Under this line is a listing; return exactly the lines starting at the one with "最近更新热门排行豆包app下" and running down to the one with "近日,自治区自然资源厅网站发", and leave out its pictures.

__Data for review__
===

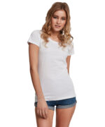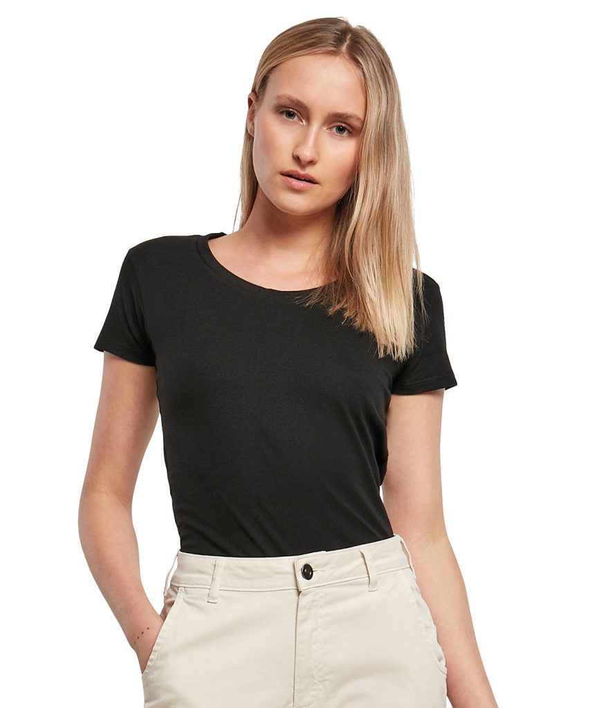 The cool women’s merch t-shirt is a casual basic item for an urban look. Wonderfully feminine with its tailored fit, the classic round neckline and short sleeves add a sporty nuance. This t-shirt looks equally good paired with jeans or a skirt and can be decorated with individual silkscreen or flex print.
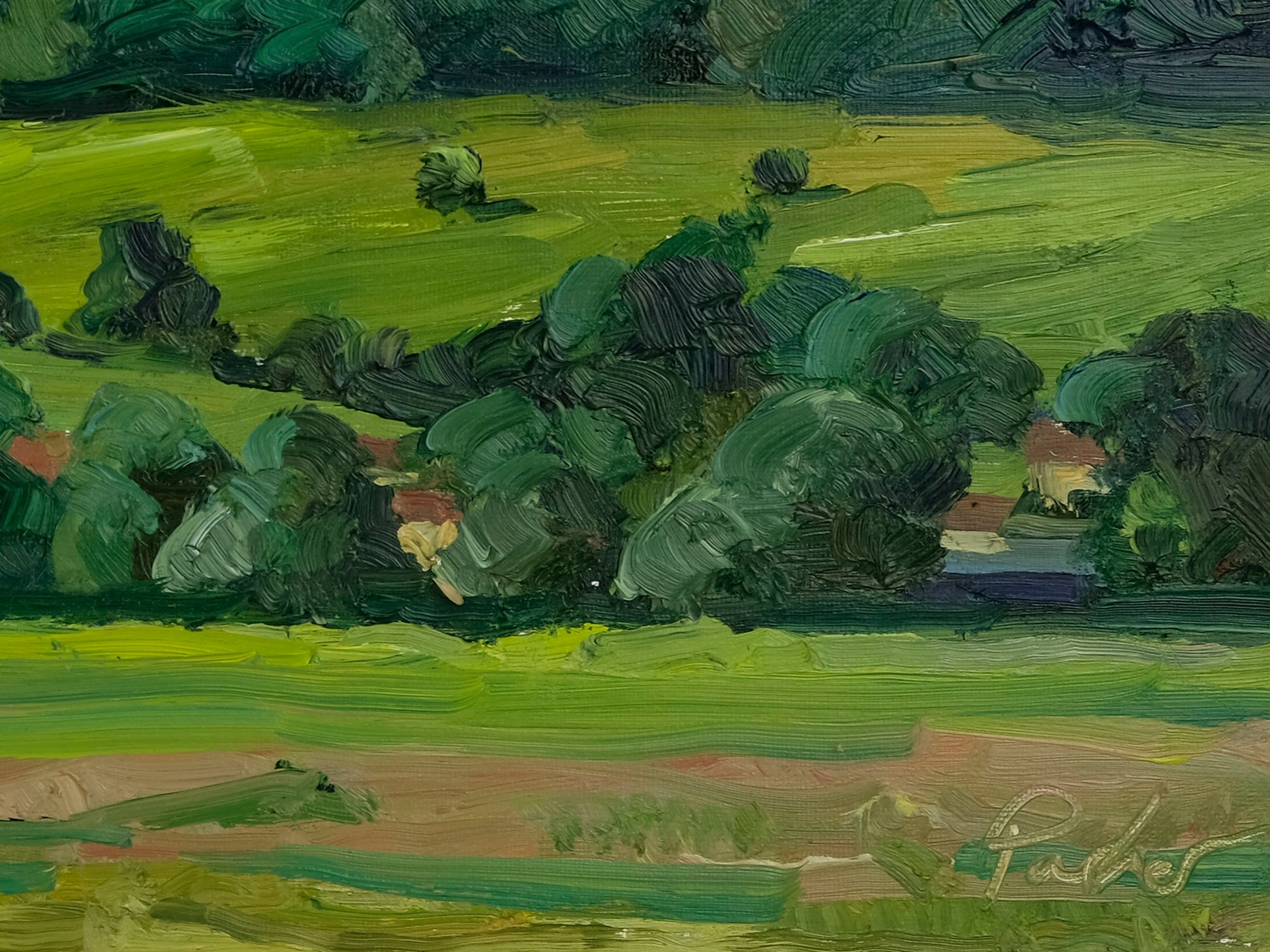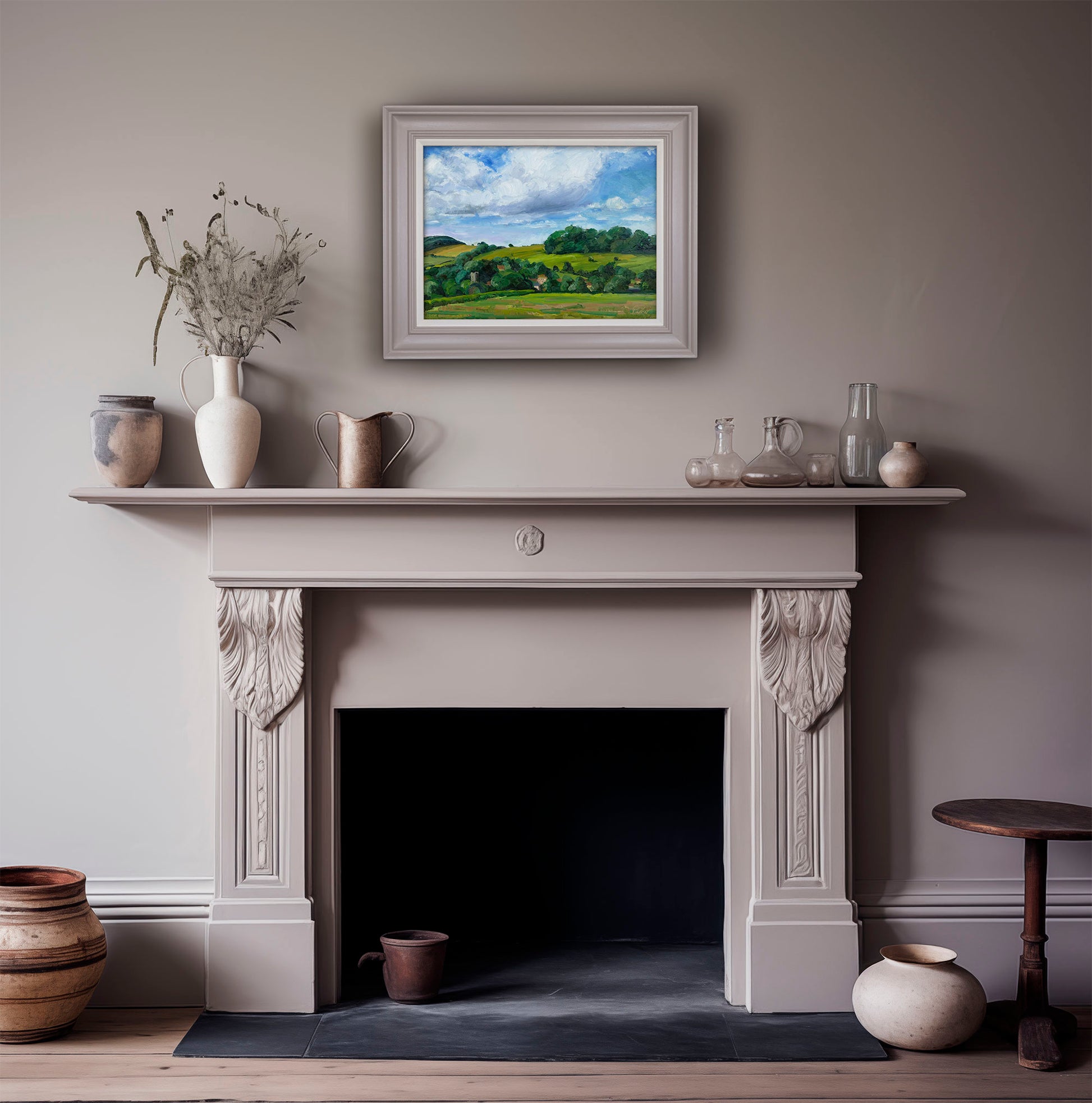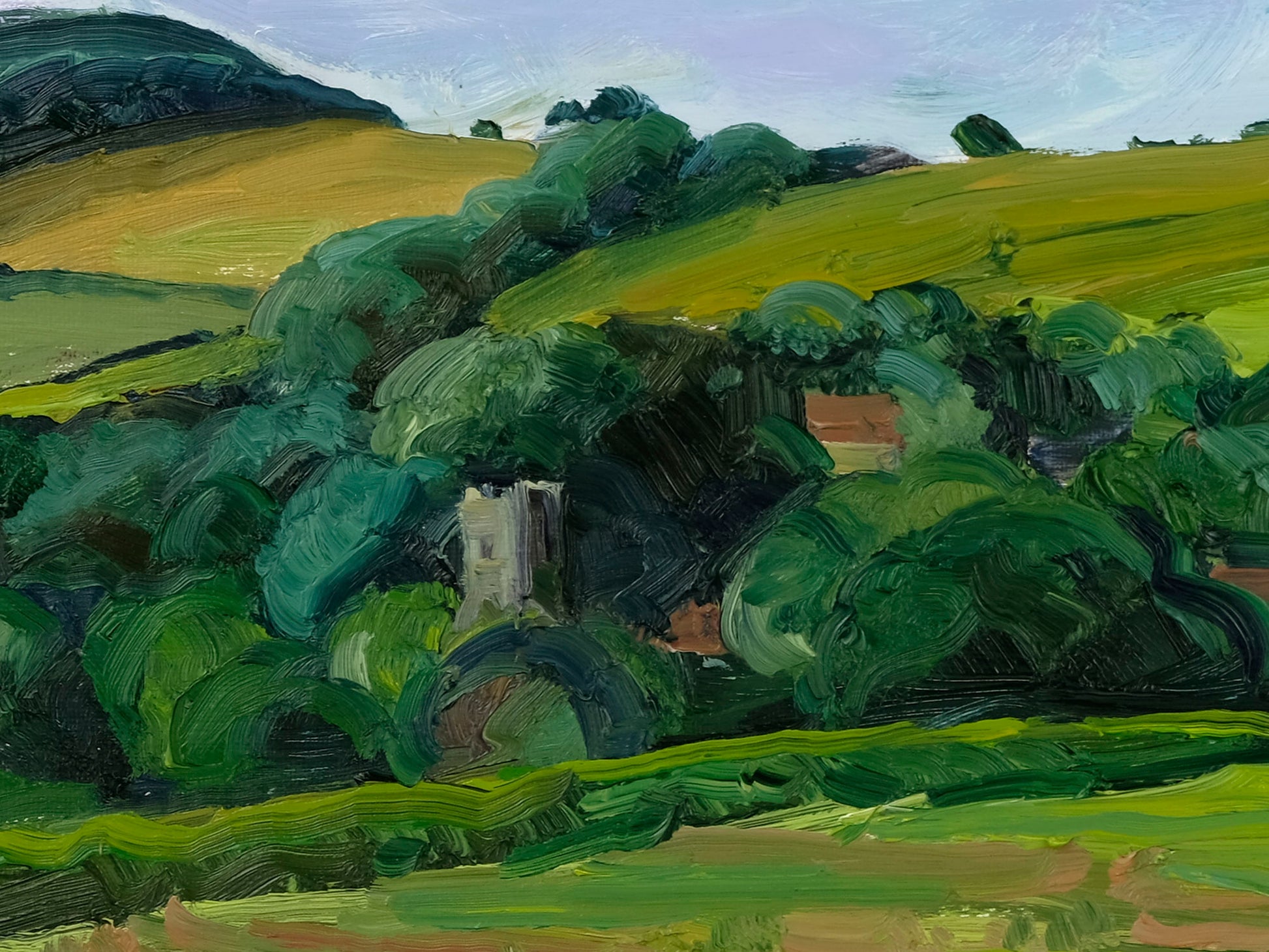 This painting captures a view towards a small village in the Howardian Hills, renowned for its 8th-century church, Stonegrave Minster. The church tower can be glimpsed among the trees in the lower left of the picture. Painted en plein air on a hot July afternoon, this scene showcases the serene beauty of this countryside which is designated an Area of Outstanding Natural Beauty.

===

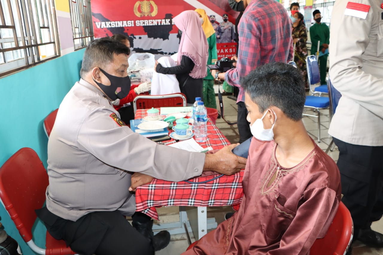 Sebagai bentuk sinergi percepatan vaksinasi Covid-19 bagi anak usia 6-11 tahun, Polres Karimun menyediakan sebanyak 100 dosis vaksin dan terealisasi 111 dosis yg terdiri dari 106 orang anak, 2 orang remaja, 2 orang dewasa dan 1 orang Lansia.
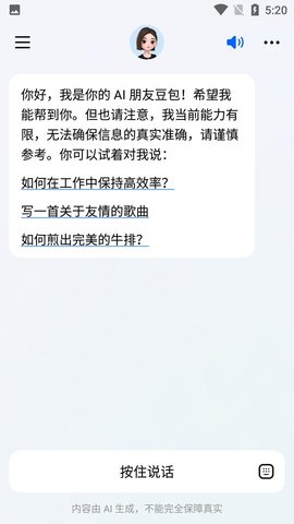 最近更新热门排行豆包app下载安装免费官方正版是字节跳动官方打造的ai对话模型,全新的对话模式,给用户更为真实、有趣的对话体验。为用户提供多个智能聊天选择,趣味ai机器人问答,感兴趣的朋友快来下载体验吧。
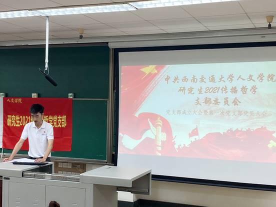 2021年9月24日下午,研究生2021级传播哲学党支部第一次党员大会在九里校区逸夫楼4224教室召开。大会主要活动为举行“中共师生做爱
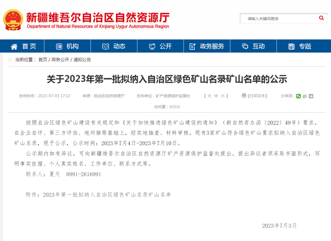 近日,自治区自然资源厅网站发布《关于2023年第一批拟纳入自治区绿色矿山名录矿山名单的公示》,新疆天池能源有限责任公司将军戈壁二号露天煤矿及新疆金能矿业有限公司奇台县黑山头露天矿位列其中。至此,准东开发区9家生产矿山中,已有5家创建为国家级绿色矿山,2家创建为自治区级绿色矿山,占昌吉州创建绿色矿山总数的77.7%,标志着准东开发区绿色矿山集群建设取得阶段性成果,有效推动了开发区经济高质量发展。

===

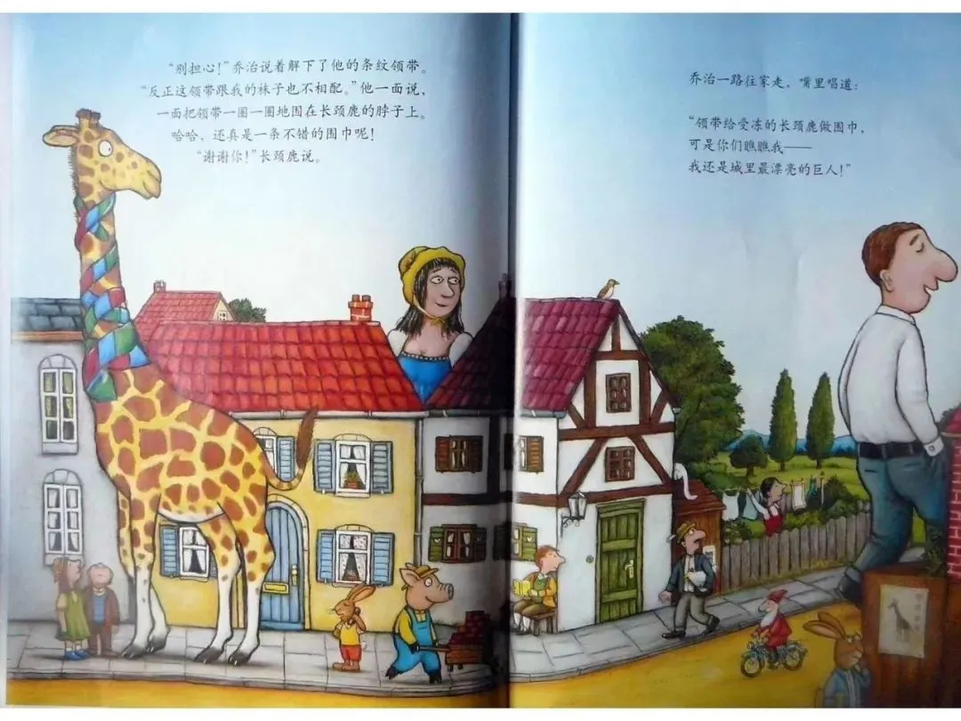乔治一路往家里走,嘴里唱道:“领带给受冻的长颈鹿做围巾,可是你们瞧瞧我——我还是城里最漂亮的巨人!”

===

__The answer__
 最近更新热门排行豆包app下载安装免费官方正版是字节跳动官方打造的ai对话模型,全新的对话模式,给用户更为真实、有趣的对话体验。为用户提供多个智能聊天选择,趣味ai机器人问答,感兴趣的朋友快来下载体验吧。
 2021年9月24日下午,研究生2021级传播哲学党支部第一次党员大会在九里校区逸夫楼4224教室召开。大会主要活动为举行“中共师生做爱
 近日,自治区自然资源厅网站发布《关于2023年第一批拟纳入自治区绿色矿山名录矿山名单的公示》,新疆天池能源有限责任公司将军戈壁二号露天煤矿及新疆金能矿业有限公司奇台县黑山头露天矿位列其中。至此,准东开发区9家生产矿山中,已有5家创建为国家级绿色矿山,2家创建为自治区级绿色矿山,占昌吉州创建绿色矿山总数的77.7%,标志着准东开发区绿色矿山集群建设取得阶段性成果,有效推动了开发区经济高质量发展。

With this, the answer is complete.